== Segment start ==
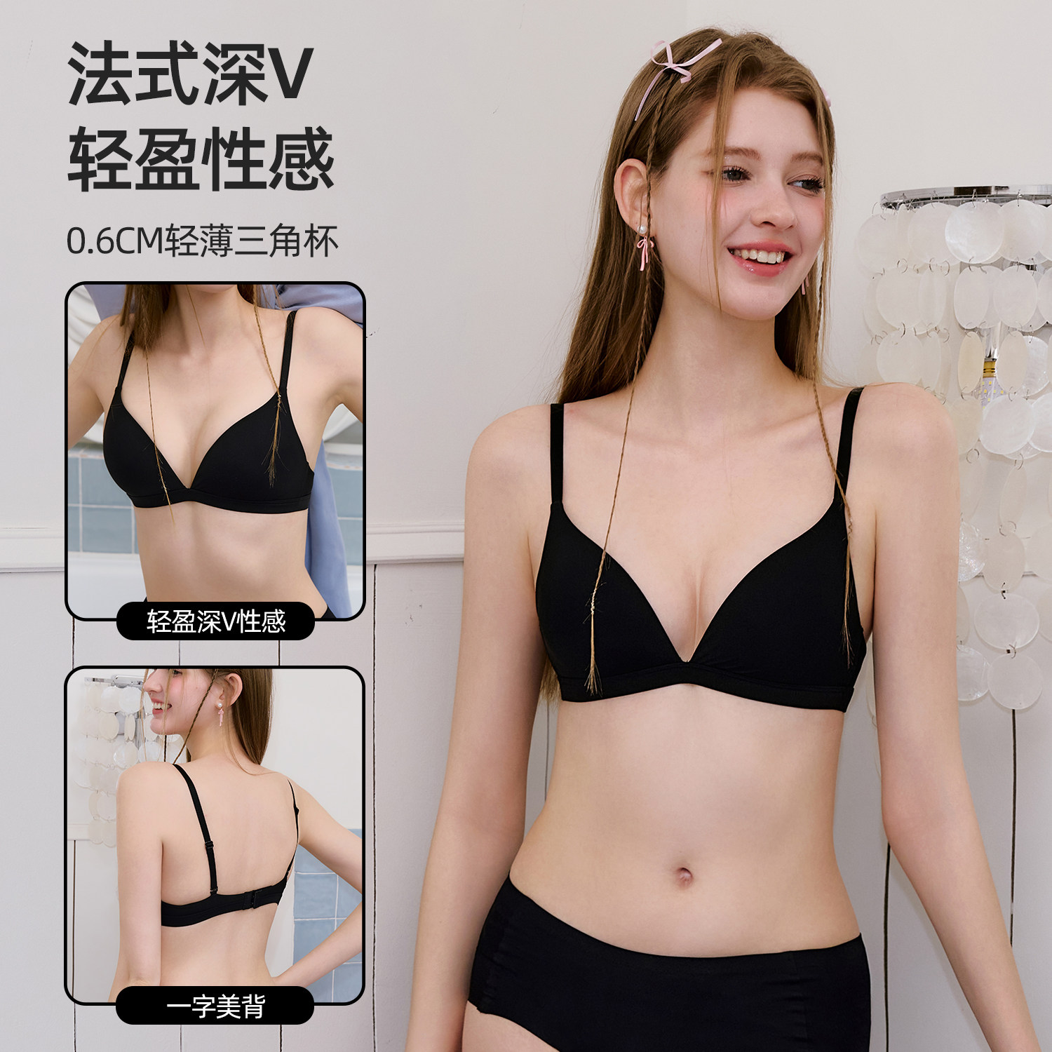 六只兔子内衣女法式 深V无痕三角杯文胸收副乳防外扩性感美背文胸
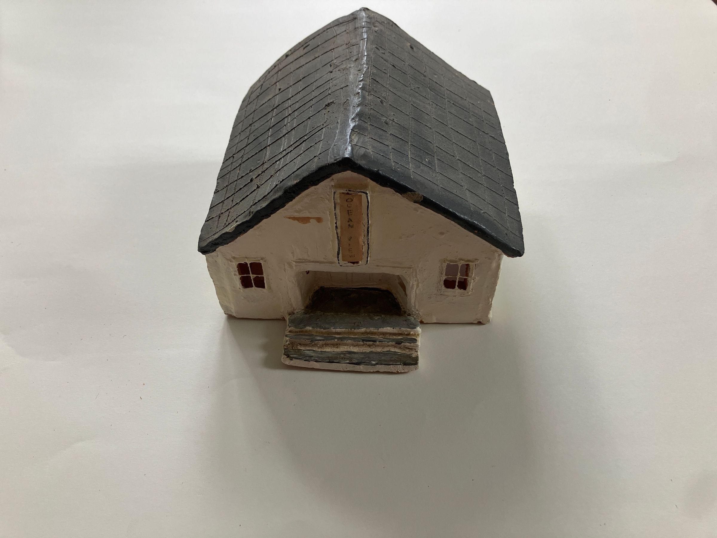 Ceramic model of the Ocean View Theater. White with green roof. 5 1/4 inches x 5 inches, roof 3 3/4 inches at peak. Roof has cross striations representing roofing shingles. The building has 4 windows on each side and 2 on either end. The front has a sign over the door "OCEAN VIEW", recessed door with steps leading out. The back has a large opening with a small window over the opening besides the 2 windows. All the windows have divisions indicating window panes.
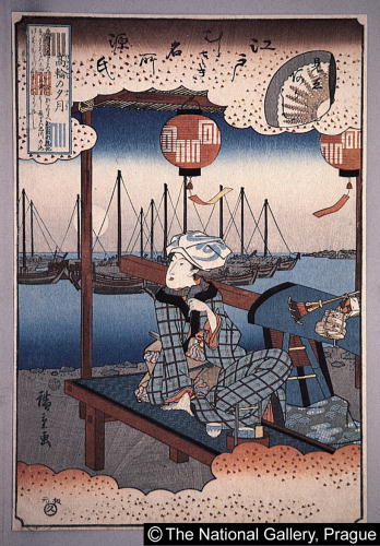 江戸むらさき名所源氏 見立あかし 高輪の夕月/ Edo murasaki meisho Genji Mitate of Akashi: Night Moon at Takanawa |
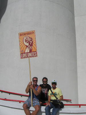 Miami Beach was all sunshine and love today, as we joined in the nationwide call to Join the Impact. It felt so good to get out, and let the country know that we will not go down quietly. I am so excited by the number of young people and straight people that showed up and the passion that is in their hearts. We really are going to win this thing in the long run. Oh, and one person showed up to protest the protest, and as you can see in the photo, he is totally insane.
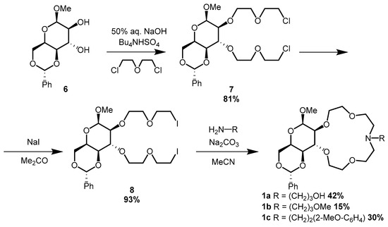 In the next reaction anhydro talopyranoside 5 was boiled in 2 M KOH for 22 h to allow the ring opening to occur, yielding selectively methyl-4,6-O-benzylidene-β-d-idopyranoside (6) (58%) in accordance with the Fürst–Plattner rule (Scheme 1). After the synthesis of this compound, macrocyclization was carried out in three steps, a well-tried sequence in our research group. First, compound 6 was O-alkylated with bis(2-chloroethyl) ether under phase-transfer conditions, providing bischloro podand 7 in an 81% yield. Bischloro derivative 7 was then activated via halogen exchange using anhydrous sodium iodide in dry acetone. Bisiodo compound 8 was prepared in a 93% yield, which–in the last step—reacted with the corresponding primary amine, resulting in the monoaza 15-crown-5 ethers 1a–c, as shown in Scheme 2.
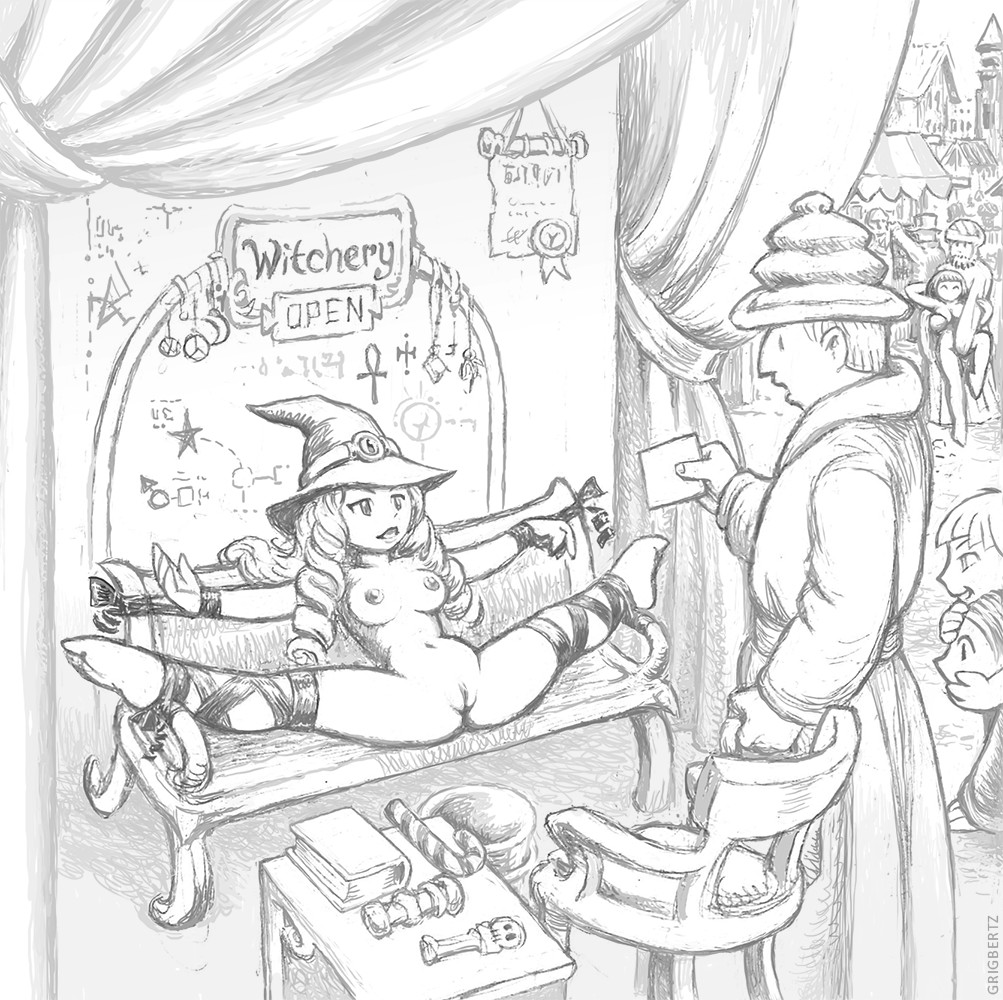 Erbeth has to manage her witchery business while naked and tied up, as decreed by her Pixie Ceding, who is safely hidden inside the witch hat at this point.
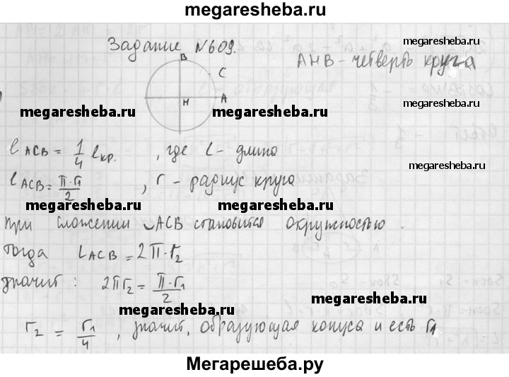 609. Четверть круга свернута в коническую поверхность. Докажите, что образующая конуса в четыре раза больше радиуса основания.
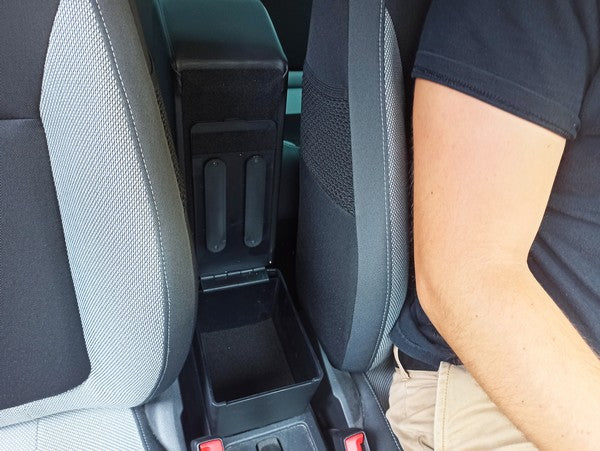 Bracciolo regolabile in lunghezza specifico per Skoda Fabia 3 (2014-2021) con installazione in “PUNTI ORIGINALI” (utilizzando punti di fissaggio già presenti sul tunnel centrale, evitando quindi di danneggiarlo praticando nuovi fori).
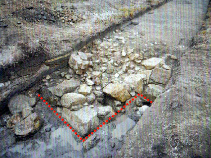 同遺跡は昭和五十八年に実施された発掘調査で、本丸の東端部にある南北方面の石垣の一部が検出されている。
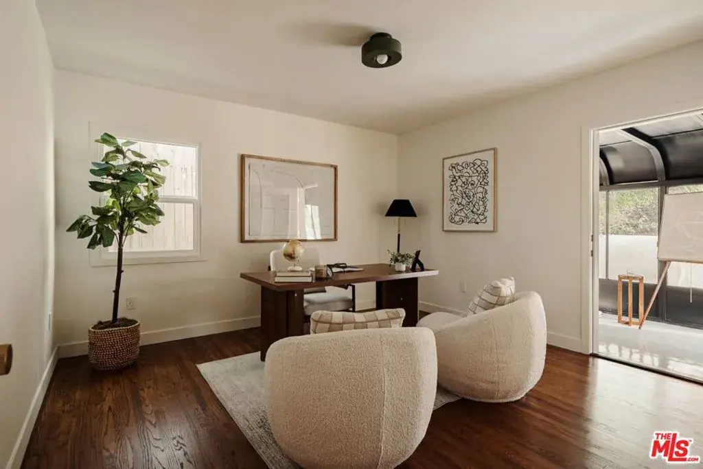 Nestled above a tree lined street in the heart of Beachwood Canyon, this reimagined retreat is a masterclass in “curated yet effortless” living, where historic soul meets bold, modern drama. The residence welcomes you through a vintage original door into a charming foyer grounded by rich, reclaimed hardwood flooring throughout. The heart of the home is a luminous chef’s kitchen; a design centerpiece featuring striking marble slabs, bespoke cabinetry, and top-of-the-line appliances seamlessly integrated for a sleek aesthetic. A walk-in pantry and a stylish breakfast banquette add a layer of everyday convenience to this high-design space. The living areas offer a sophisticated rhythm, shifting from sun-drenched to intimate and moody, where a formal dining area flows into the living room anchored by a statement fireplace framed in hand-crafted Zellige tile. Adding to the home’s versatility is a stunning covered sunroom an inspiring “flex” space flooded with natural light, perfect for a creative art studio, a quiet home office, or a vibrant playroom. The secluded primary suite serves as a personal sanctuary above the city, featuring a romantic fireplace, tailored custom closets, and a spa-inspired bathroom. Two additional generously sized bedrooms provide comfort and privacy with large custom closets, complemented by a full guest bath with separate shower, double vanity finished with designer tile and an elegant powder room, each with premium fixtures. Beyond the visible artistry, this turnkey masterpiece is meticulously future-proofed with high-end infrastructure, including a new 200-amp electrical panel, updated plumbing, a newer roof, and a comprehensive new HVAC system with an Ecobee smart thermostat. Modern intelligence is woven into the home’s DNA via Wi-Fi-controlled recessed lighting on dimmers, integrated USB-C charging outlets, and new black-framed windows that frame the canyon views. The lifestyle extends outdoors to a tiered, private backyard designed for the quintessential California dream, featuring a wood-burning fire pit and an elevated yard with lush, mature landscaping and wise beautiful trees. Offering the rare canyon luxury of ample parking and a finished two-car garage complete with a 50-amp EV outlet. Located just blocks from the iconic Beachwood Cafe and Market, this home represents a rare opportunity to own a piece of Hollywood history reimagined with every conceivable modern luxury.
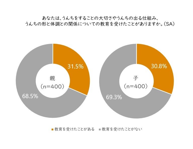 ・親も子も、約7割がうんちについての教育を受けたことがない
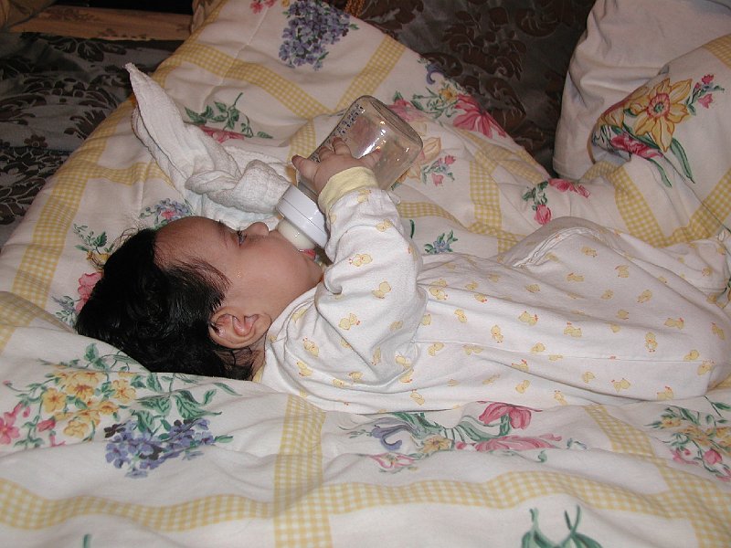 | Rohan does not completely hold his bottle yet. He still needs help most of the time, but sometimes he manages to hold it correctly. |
== Segment end ==
## Exercise details
With the pictures omitted, print the lines above exactly, beginning at the line with "Miami Beach was" and going on through the line with "In the next".

## Solution to this task
 Miami Beach was all sunshine and love today, as we joined in the nationwide call to Join the Impact. It felt so good to get out, and let the country know that we will not go down quietly. I am so excited by the number of young people and straight people that showed up and the passion that is in their hearts. We really are going to win this thing in the long run. Oh, and one person showed up to protest the protest, and as you can see in the photo, he is totally insane.
 In the next reaction anhydro talopyranoside 5 was boiled in 2 M KOH for 22 h to allow the ring opening to occur, yielding selectively methyl-4,6-O-benzylidene-β-d-idopyranoside (6) (58%) in accordance with the Fürst–Plattner rule (Scheme 1). After the synthesis of this compound, macrocyclization was carried out in three steps, a well-tried sequence in our research group. First, compound 6 was O-alkylated with bis(2-chloroethyl) ether under phase-transfer conditions, providing bischloro podand 7 in an 81% yield. Bischloro derivative 7 was then activated via halogen exchange using anhydrous sodium iodide in dry acetone. Bisiodo compound 8 was prepared in a 93% yield, which–in the last step—reacted with the corresponding primary amine, resulting in the monoaza 15-crown-5 ethers 1a–c, as shown in Scheme 2.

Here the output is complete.